> _What you need to do_
In your copy of the data, keep every word exact and include no pictures.

> _Data_
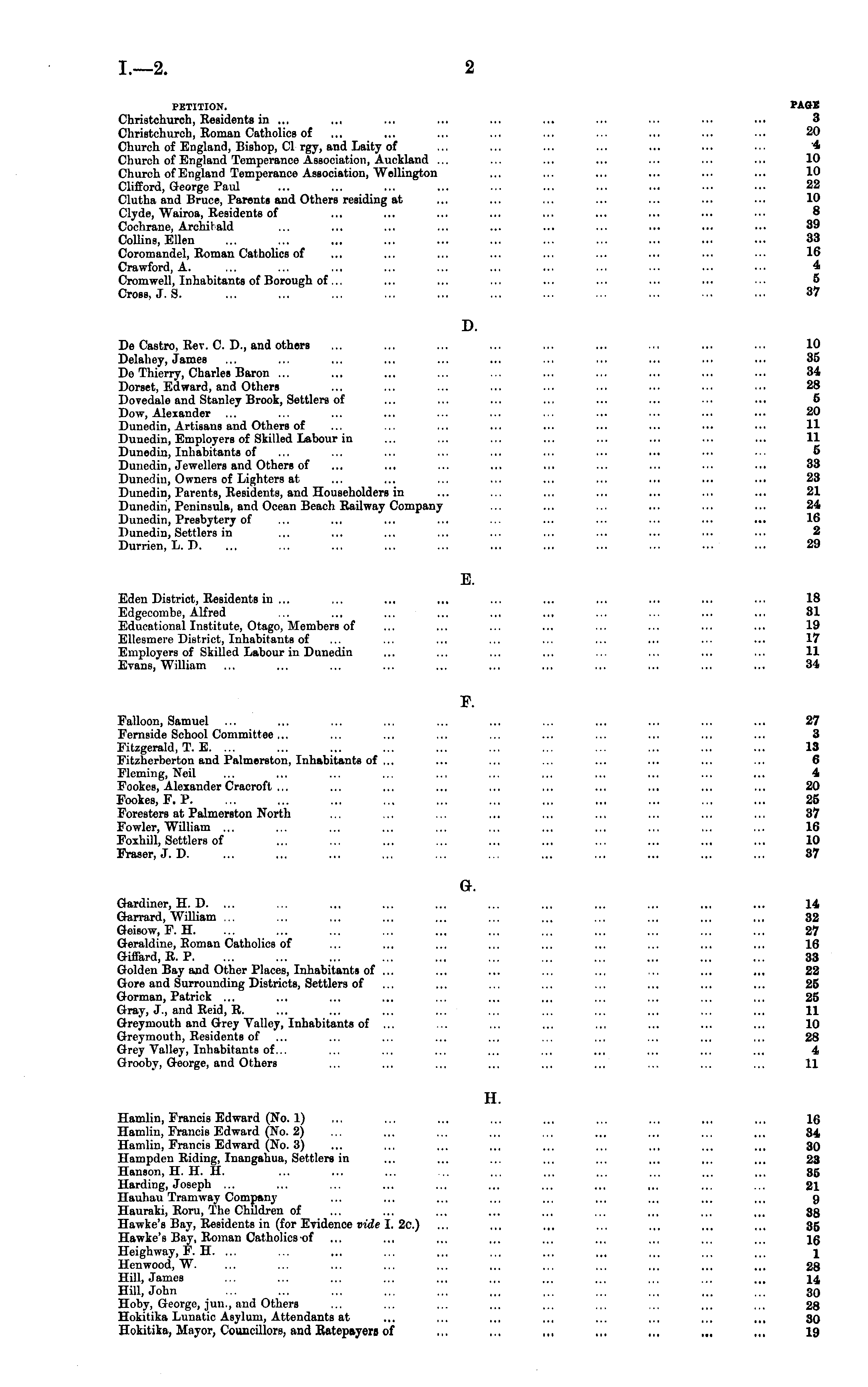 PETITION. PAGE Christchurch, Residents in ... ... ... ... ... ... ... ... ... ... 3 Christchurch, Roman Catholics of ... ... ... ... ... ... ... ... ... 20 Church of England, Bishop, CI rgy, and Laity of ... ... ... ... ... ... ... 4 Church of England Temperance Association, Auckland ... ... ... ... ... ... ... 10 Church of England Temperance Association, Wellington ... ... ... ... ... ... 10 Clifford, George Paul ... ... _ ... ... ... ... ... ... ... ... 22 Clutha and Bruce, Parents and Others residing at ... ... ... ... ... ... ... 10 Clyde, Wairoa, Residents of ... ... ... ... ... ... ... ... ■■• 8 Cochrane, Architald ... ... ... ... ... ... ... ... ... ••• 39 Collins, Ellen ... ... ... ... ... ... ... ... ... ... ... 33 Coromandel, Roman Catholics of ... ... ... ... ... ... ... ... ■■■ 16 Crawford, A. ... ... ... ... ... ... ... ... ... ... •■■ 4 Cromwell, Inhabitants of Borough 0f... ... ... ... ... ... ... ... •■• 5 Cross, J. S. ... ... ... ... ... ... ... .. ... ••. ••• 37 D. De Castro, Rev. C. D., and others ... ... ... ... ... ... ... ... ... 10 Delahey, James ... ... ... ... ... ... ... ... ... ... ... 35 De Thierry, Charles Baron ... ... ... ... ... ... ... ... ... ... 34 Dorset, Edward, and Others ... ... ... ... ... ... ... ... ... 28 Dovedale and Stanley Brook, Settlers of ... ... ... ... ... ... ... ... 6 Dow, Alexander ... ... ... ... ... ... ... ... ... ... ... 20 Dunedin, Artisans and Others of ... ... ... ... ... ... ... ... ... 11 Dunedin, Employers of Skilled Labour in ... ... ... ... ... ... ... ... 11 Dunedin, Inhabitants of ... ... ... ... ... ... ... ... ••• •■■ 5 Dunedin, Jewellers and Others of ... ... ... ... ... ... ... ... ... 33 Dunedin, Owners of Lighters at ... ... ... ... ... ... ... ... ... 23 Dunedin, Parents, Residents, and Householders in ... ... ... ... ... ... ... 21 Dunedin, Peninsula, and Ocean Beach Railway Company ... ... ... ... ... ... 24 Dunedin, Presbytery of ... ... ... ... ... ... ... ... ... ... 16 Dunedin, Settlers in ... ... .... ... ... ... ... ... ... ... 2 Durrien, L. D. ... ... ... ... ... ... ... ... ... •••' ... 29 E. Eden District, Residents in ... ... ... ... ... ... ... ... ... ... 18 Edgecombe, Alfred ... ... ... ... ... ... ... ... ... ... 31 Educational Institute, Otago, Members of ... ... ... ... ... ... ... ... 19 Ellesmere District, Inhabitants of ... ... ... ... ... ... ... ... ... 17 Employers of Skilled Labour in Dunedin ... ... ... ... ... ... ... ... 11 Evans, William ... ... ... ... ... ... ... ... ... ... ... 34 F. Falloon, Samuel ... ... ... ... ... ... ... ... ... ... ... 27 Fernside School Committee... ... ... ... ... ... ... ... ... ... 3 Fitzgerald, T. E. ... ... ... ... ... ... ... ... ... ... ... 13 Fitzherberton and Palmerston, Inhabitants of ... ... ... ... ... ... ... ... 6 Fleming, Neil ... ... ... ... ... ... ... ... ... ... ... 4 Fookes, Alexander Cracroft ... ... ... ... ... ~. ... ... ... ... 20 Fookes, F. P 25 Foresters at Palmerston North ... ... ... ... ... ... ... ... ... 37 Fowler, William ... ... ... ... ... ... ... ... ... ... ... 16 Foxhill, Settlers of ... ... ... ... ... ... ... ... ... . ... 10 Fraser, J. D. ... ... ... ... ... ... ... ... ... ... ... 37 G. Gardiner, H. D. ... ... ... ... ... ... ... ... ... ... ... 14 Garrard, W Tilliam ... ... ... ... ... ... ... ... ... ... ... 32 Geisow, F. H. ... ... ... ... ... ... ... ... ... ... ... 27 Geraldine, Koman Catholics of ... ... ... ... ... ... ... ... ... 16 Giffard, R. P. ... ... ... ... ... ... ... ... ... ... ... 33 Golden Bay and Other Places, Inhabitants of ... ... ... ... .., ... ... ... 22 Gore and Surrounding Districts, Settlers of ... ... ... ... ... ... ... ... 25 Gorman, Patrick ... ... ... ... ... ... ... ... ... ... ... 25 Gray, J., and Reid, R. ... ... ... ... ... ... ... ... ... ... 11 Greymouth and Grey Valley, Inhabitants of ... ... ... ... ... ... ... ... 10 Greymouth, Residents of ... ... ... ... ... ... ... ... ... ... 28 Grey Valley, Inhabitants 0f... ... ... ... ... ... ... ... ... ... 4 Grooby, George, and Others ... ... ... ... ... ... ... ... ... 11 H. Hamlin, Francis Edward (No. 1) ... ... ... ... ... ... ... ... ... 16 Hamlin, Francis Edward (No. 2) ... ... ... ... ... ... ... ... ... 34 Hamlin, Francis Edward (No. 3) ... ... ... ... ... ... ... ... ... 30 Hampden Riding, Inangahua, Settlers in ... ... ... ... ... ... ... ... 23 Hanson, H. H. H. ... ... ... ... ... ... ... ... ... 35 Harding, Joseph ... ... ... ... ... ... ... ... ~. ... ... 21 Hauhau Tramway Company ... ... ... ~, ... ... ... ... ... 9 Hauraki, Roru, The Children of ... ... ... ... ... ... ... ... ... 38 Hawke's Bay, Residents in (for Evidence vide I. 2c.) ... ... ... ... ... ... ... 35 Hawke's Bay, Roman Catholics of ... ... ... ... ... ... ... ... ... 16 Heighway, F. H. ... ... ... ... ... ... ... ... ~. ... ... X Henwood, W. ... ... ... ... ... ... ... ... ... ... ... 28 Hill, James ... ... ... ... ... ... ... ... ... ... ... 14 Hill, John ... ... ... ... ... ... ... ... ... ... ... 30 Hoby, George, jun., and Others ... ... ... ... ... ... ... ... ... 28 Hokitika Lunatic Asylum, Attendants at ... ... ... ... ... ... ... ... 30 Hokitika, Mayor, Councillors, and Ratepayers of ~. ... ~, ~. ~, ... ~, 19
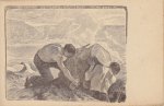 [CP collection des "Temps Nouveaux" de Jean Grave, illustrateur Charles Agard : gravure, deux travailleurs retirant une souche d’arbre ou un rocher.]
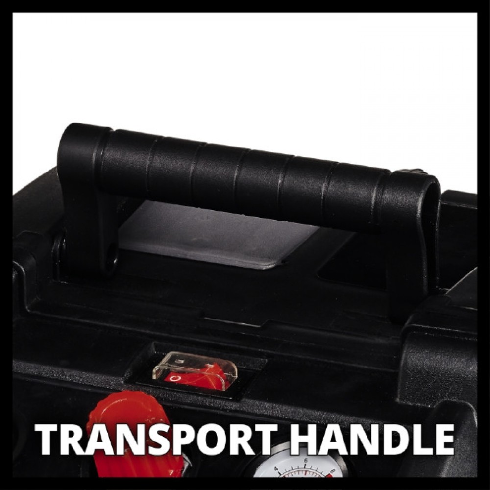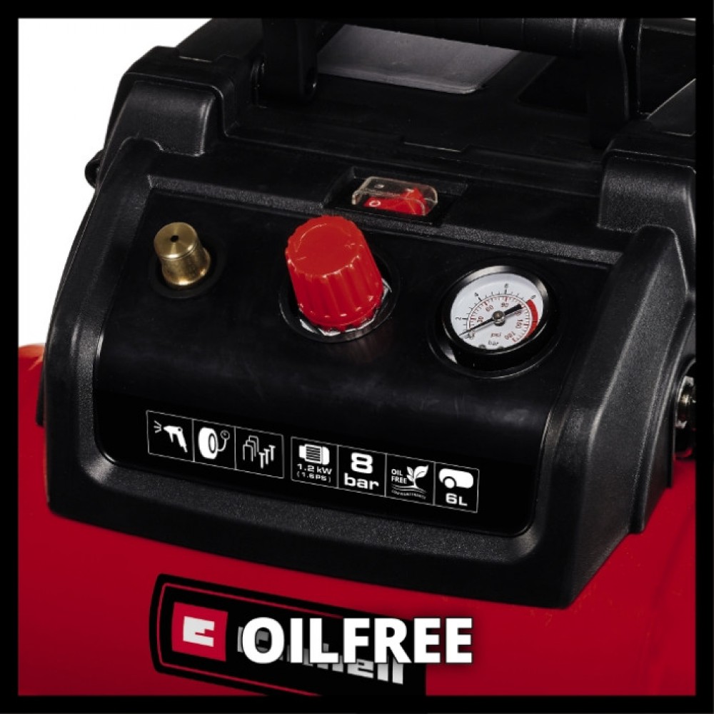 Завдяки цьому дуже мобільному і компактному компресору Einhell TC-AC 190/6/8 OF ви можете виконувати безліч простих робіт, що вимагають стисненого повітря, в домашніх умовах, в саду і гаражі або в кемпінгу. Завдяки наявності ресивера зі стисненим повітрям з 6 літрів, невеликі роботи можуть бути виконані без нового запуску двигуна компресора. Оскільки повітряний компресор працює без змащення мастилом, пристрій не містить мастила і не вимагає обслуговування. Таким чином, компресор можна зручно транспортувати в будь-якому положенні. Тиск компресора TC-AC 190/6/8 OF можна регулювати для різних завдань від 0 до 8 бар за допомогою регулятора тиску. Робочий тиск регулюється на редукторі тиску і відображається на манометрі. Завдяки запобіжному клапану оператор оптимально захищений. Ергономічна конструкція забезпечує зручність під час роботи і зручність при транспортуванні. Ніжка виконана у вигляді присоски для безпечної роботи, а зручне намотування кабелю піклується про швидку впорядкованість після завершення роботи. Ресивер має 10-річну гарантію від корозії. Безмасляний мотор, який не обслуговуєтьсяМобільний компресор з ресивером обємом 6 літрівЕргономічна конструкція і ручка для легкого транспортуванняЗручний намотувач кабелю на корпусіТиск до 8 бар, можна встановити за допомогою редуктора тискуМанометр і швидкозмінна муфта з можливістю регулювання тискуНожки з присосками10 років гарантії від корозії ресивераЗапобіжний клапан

> _Response_
 PETITION. PAGE Christchurch, Residents in ... ... ... ... ... ... ... ... ... ... 3 Christchurch, Roman Catholics of ... ... ... ... ... ... ... ... ... 20 Church of England, Bishop, CI rgy, and Laity of ... ... ... ... ... ... ... 4 Church of England Temperance Association, Auckland ... ... ... ... ... ... ... 10 Church of England Temperance Association, Wellington ... ... ... ... ... ... 10 Clifford, George Paul ... ... _ ... ... ... ... ... ... ... ... 22 Clutha and Bruce, Parents and Others residing at ... ... ... ... ... ... ... 10 Clyde, Wairoa, Residents of ... ... ... ... ... ... ... ... ■■• 8 Cochrane, Architald ... ... ... ... ... ... ... ... ... ••• 39 Collins, Ellen ... ... ... ... ... ... ... ... ... ... ... 33 Coromandel, Roman Catholics of ... ... ... ... ... ... ... ... ■■■ 16 Crawford, A. ... ... ... ... ... ... ... ... ... ... •■■ 4 Cromwell, Inhabitants of Borough 0f... ... ... ... ... ... ... ... •■• 5 Cross, J. S. ... ... ... ... ... ... ... .. ... ••. ••• 37 D. De Castro, Rev. C. D., and others ... ... ... ... ... ... ... ... ... 10 Delahey, James ... ... ... ... ... ... ... ... ... ... ... 35 De Thierry, Charles Baron ... ... ... ... ... ... ... ... ... ... 34 Dorset, Edward, and Others ... ... ... ... ... ... ... ... ... 28 Dovedale and Stanley Brook, Settlers of ... ... ... ... ... ... ... ... 6 Dow, Alexander ... ... ... ... ... ... ... ... ... ... ... 20 Dunedin, Artisans and Others of ... ... ... ... ... ... ... ... ... 11 Dunedin, Employers of Skilled Labour in ... ... ... ... ... ... ... ... 11 Dunedin, Inhabitants of ... ... ... ... ... ... ... ... ••• •■■ 5 Dunedin, Jewellers and Others of ... ... ... ... ... ... ... ... ... 33 Dunedin, Owners of Lighters at ... ... ... ... ... ... ... ... ... 23 Dunedin, Parents, Residents, and Householders in ... ... ... ... ... ... ... 21 Dunedin, Peninsula, and Ocean Beach Railway Company ... ... ... ... ... ... 24 Dunedin, Presbytery of ... ... ... ... ... ... ... ... ... ... 16 Dunedin, Settlers in ... ... .... ... ... ... ... ... ... ... 2 Durrien, L. D. ... ... ... ... ... ... ... ... ... •••' ... 29 E. Eden District, Residents in ... ... ... ... ... ... ... ... ... ... 18 Edgecombe, Alfred ... ... ... ... ... ... ... ... ... ... 31 Educational Institute, Otago, Members of ... ... ... ... ... ... ... ... 19 Ellesmere District, Inhabitants of ... ... ... ... ... ... ... ... ... 17 Employers of Skilled Labour in Dunedin ... ... ... ... ... ... ... ... 11 Evans, William ... ... ... ... ... ... ... ... ... ... ... 34 F. Falloon, Samuel ... ... ... ... ... ... ... ... ... ... ... 27 Fernside School Committee... ... ... ... ... ... ... ... ... ... 3 Fitzgerald, T. E. ... ... ... ... ... ... ... ... ... ... ... 13 Fitzherberton and Palmerston, Inhabitants of ... ... ... ... ... ... ... ... 6 Fleming, Neil ... ... ... ... ... ... ... ... ... ... ... 4 Fookes, Alexander Cracroft ... ... ... ... ... ~. ... ... ... ... 20 Fookes, F. P 25 Foresters at Palmerston North ... ... ... ... ... ... ... ... ... 37 Fowler, William ... ... ... ... ... ... ... ... ... ... ... 16 Foxhill, Settlers of ... ... ... ... ... ... ... ... ... . ... 10 Fraser, J. D. ... ... ... ... ... ... ... ... ... ... ... 37 G. Gardiner, H. D. ... ... ... ... ... ... ... ... ... ... ... 14 Garrard, W Tilliam ... ... ... ... ... ... ... ... ... ... ... 32 Geisow, F. H. ... ... ... ... ... ... ... ... ... ... ... 27 Geraldine, Koman Catholics of ... ... ... ... ... ... ... ... ... 16 Giffard, R. P. ... ... ... ... ... ... ... ... ... ... ... 33 Golden Bay and Other Places, Inhabitants of ... ... ... ... .., ... ... ... 22 Gore and Surrounding Districts, Settlers of ... ... ... ... ... ... ... ... 25 Gorman, Patrick ... ... ... ... ... ... ... ... ... ... ... 25 Gray, J., and Reid, R. ... ... ... ... ... ... ... ... ... ... 11 Greymouth and Grey Valley, Inhabitants of ... ... ... ... ... ... ... ... 10 Greymouth, Residents of ... ... ... ... ... ... ... ... ... ... 28 Grey Valley, Inhabitants 0f... ... ... ... ... ... ... ... ... ... 4 Grooby, George, and Others ... ... ... ... ... ... ... ... ... 11 H. Hamlin, Francis Edward (No. 1) ... ... ... ... ... ... ... ... ... 16 Hamlin, Francis Edward (No. 2) ... ... ... ... ... ... ... ... ... 34 Hamlin, Francis Edward (No. 3) ... ... ... ... ... ... ... ... ... 30 Hampden Riding, Inangahua, Settlers in ... ... ... ... ... ... ... ... 23 Hanson, H. H. H. ... ... ... ... ... ... ... ... ... 35 Harding, Joseph ... ... ... ... ... ... ... ... ~. ... ... 21 Hauhau Tramway Company ... ... ... ~, ... ... ... ... ... 9 Hauraki, Roru, The Children of ... ... ... ... ... ... ... ... ... 38 Hawke's Bay, Residents in (for Evidence vide I. 2c.) ... ... ... ... ... ... ... 35 Hawke's Bay, Roman Catholics of ... ... ... ... ... ... ... ... ... 16 Heighway, F. H. ... ... ... ... ... ... ... ... ~. ... ... X Henwood, W. ... ... ... ... ... ... ... ... ... ... ... 28 Hill, James ... ... ... ... ... ... ... ... ... ... ... 14 Hill, John ... ... ... ... ... ... ... ... ... ... ... 30 Hoby, George, jun., and Others ... ... ... ... ... ... ... ... ... 28 Hokitika Lunatic Asylum, Attendants at ... ... ... ... ... ... ... ... 30 Hokitika, Mayor, Councillors, and Ratepayers of ~. ... ~, ~. ~, ... ~, 19
 [CP collection des "Temps Nouveaux" de Jean Grave, illustrateur Charles Agard : gravure, deux travailleurs retirant une souche d’arbre ou un rocher.]
 Завдяки цьому дуже мобільному і компактному компресору Einhell TC-AC 190/6/8 OF ви можете виконувати безліч простих робіт, що вимагають стисненого повітря, в домашніх умовах, в саду і гаражі або в кемпінгу. Завдяки наявності ресивера зі стисненим повітрям з 6 літрів, невеликі роботи можуть бути виконані без нового запуску двигуна компресора. Оскільки повітряний компресор працює без змащення мастилом, пристрій не містить мастила і не вимагає обслуговування. Таким чином, компресор можна зручно транспортувати в будь-якому положенні. Тиск компресора TC-AC 190/6/8 OF можна регулювати для різних завдань від 0 до 8 бар за допомогою регулятора тиску. Робочий тиск регулюється на редукторі тиску і відображається на манометрі. Завдяки запобіжному клапану оператор оптимально захищений. Ергономічна конструкція забезпечує зручність під час роботи і зручність при транспортуванні. Ніжка виконана у вигляді присоски для безпечної роботи, а зручне намотування кабелю піклується про швидку впорядкованість після завершення роботи. Ресивер має 10-річну гарантію від корозії. Безмасляний мотор, який не обслуговуєтьсяМобільний компресор з ресивером обємом 6 літрівЕргономічна конструкція і ручка для легкого транспортуванняЗручний намотувач кабелю на корпусіТиск до 8 бар, можна встановити за допомогою редуктора тискуМанометр і швидкозмінна муфта з можливістю регулювання тискуНожки з присосками10 років гарантії від корозії ресивераЗапобіжний клапан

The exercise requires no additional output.